How to Manage Your Attention for Lasting Behavior Change
I went to a sound bath last week.
You know, one of those meditation experiences where you lie down, close your eyes, and let the sounds wash over you while you relax and let go of stress.
At least, that's what's supposed to happen.
Here's what actually happened:
About five minutes in, I'm lying there thinking, "Wow, this feels amazing. I need to make this a regular thing."
And then my brain immediately went to my calendar.
How can I fit this in at least once a month? What's one month from today? Will I be able to make that work with everything else I have going on?
I wasn't even in the room anymore.
My body was there, but my mind?
My mind was in the future, trying to optimize my schedule, plan ahead, make sure Future Me had everything all mapped out.
I caught myself and laughed. Okay, bring it back. Be here. Enjoy this.
And then, not even two minutes later, I was thinking about writing this email. 🤦♀️
Again, I had to redirect myself. Come back. Be present.
It wasn't the last time my mind wandered during that sound bath.
But here's what I noticed: every single time it wandered, it went to the future.
Not once did I drift into the past.
It was always forward...planning, optimizing, problem-solving, trying to make sure everything that could come up would be handled just right.
I realized I wasn't even letting myself enjoy something designed to be pleasurable.
I was so focused on making Future Me better that I couldn't just be in the moment and experience what was happening with Present Me.
And, well...
Sometimes we need to be reminded of what we already know. (Just because I teach this stuff doesn't mean I don't need to practice it myself.)
Because, here's the thing: managing your attention is one of the core skills necessary for lasting behavior change.
Managing attention is a practice that lives at the intersection of what I call noticing skills and thinking skills — two of the three key categories of skills you need to create sustainable change. (The other category is self-parenting skills, but we'll save that for another day.)
Managing your attention is a combination of:
Noticing when your attention is somewhere unhelpful
Redirecting it back to the present moment (or to a more helpful thought)
It's not about never letting your mind wander.
It's also not about being present 24/7 or achieving some zen-like state where you never get distracted.
It's about developing the skill of catching yourself when you've drifted, and bringing yourself back.

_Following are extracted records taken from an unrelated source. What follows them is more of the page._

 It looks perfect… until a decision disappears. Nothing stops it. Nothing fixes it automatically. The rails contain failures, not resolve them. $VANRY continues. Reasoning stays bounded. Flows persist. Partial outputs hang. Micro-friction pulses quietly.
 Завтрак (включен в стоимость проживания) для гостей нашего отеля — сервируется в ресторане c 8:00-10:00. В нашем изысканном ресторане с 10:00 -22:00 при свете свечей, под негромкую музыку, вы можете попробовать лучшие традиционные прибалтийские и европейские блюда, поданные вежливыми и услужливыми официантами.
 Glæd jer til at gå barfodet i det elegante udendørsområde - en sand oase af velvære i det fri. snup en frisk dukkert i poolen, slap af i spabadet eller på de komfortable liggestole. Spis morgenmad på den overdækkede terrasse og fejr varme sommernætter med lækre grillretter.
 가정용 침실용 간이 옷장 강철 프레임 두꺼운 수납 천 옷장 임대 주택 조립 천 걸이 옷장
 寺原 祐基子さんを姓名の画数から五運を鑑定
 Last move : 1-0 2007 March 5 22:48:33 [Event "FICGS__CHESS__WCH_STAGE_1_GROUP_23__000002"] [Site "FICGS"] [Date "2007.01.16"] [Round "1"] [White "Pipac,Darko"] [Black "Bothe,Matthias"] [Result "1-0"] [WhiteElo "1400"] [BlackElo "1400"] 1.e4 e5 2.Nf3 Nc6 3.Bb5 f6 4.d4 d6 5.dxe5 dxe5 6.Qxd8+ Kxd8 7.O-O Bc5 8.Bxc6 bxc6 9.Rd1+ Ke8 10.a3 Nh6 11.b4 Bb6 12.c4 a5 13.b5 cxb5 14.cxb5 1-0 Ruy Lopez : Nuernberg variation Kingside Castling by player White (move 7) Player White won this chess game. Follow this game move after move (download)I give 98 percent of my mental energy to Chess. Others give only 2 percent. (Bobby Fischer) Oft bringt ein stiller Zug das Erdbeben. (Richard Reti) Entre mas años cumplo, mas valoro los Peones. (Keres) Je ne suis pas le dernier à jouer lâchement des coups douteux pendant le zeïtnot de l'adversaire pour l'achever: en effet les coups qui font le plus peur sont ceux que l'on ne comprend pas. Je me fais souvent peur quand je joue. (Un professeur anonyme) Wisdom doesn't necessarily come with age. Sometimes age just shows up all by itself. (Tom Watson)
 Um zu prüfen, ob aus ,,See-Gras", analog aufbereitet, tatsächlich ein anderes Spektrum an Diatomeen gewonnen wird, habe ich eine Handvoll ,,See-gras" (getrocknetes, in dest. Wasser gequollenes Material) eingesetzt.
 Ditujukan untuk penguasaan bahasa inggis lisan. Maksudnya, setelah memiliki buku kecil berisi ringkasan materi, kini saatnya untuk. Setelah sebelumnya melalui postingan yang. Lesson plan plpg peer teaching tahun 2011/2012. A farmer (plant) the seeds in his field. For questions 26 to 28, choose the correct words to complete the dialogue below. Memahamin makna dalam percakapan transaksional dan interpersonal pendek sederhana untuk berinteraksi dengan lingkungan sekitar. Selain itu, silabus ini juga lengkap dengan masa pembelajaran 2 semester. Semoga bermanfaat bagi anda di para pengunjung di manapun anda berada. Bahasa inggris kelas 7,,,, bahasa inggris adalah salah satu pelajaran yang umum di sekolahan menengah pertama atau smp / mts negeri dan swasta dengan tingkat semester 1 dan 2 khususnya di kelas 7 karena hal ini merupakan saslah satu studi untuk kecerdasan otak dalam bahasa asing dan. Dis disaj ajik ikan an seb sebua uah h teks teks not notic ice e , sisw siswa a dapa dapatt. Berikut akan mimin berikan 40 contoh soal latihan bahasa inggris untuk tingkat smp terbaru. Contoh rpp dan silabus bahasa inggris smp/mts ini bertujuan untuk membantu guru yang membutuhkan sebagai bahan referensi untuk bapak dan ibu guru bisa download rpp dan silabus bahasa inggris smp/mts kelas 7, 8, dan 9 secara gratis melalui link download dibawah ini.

Because here's what happens when you don't:
If your attention is constantly in the future, you're stuck in worry, anxiety, and trying to fix problems that don't even exist yet.
You're optimizing, planning, controlling...never letting yourself just be.
And if your attention is constantly in the past, you're stuck in rumination, criticism, and replaying all the things you could have, would have, or should have done differently.
Never giving yourself any grace or compassion.
Either way, you're not here.
And when you're not here, you can't make the choices that actually support you in the moment.
You can't notice what you need. You can't respond to what's happening. You can't build the habits that create lasting change.
Because lasting change happens in the present.
So here's what I want you to reflect on today:
Where does your mind go when you're not here?
Do you tend to go to the future? Are you stuck in worry, anxiety, trying to control what hasn't happened yet?
Or do you tend to go to the past? Are you stuck in rumination, criticism, replaying what you wish you'd done differently?
And...
What is that telling you?
What challenges does that create in your life?
What do you need to tell yourself the next time you notice you're time-traveling?
This, right here, is the work.
Not being perfectly focused and motivated 100% of the time.
Not never getting into rumination over the past or worry about the future.
Just noticing. And redirecting.
That's the skill.
And it's one of the foundational skills I teach inside my Empowered Eating Blueprint program.
Because without it, nothing else sticks.
If you want to develop these skills (thinking skills, noticing skills, and self-parenting skills) so you can actually create lasting change, you can book a call here to have a chat about working together.
But for today? Just notice.
Where do you go when you're not here?
And what do you want to tell yourself to bring you back to the present?